SUPPLIED MATERIAL
[Start of section]

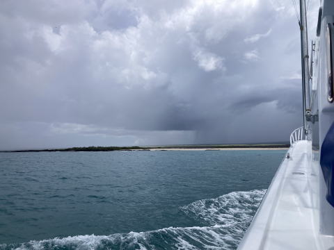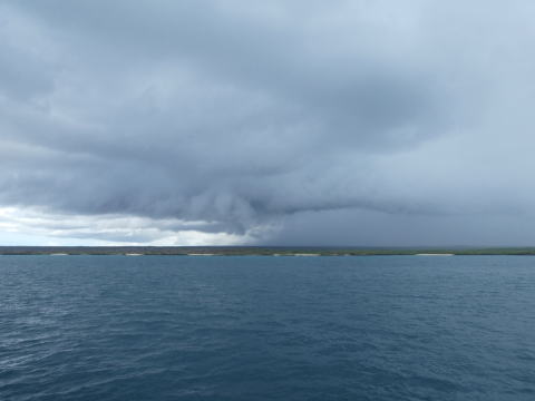 ノースセイモア島に滞在していた頃からサンタクルス島の上空には雨雲がかかっていた。バーチャスビーチ付近には雨柱が見えていた。
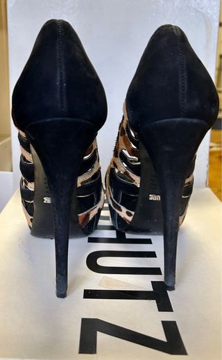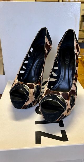 Eleganti décolleté Schutz con tacco alto, realizzate in camoscio e cavallino. - Design peep-toe. - Dettagli cut-out sui lati. - Finitura in pelle maculata.
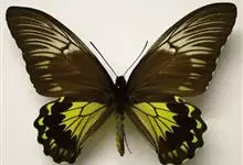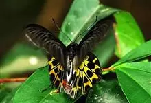 金裳凤蝶是凤蝶科、裳凤蝶属的动物。金裳凤蝶身体呈黑色,头、颈和胸侧有红毛,腹部有黑黄两色相间条纹,雄蝶前翅黑色,具黑天鹅绒光泽,各脉两侧灰白色,后翅金黄色,各室外缘有等腰三角形黑斑1枚,斑内侧有晕,…全部>>
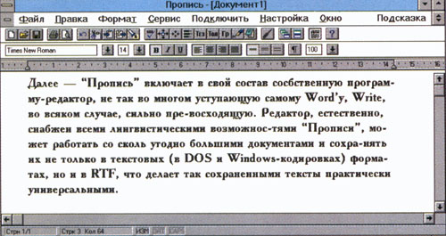 Далее – "Пропись" включает в свой состав собственную74 программу-редактор75, не так во многом уступающую самому Word'y, Write, во всяком случае, сильно превосходящую. Редактор, естественно, снабжен всеми лингвистическими возможностями "Прописи", может работать со сколь угодно большими документами и сохранять их не только в текстовых (в DOS и Windows-кодировках76) форматах, но и в RTF, что делает так сохраненные тексты практически универсальными.

[End of section]

WHAT YOU SHOULD DO
With the images omitted, repeat all the data word for word.

EXERCISE RESULT
 ノースセイモア島に滞在していた頃からサンタクルス島の上空には雨雲がかかっていた。バーチャスビーチ付近には雨柱が見えていた。
 Eleganti décolleté Schutz con tacco alto, realizzate in camoscio e cavallino. - Design peep-toe. - Dettagli cut-out sui lati. - Finitura in pelle maculata.
 金裳凤蝶是凤蝶科、裳凤蝶属的动物。金裳凤蝶身体呈黑色,头、颈和胸侧有红毛,腹部有黑黄两色相间条纹,雄蝶前翅黑色,具黑天鹅绒光泽,各脉两侧灰白色,后翅金黄色,各室外缘有等腰三角形黑斑1枚,斑内侧有晕,…全部>>
 Далее – "Пропись" включает в свой состав собственную74 программу-редактор75, не так во многом уступающую самому Word'y, Write, во всяком случае, сильно превосходящую. Редактор, естественно, снабжен всеми лингвистическими возможностями "Прописи", может работать со сколь угодно большими документами и сохранять их не только в текстовых (в DOS и Windows-кодировках76) форматах, но и в RTF, что делает так сохраненные тексты практически универсальными.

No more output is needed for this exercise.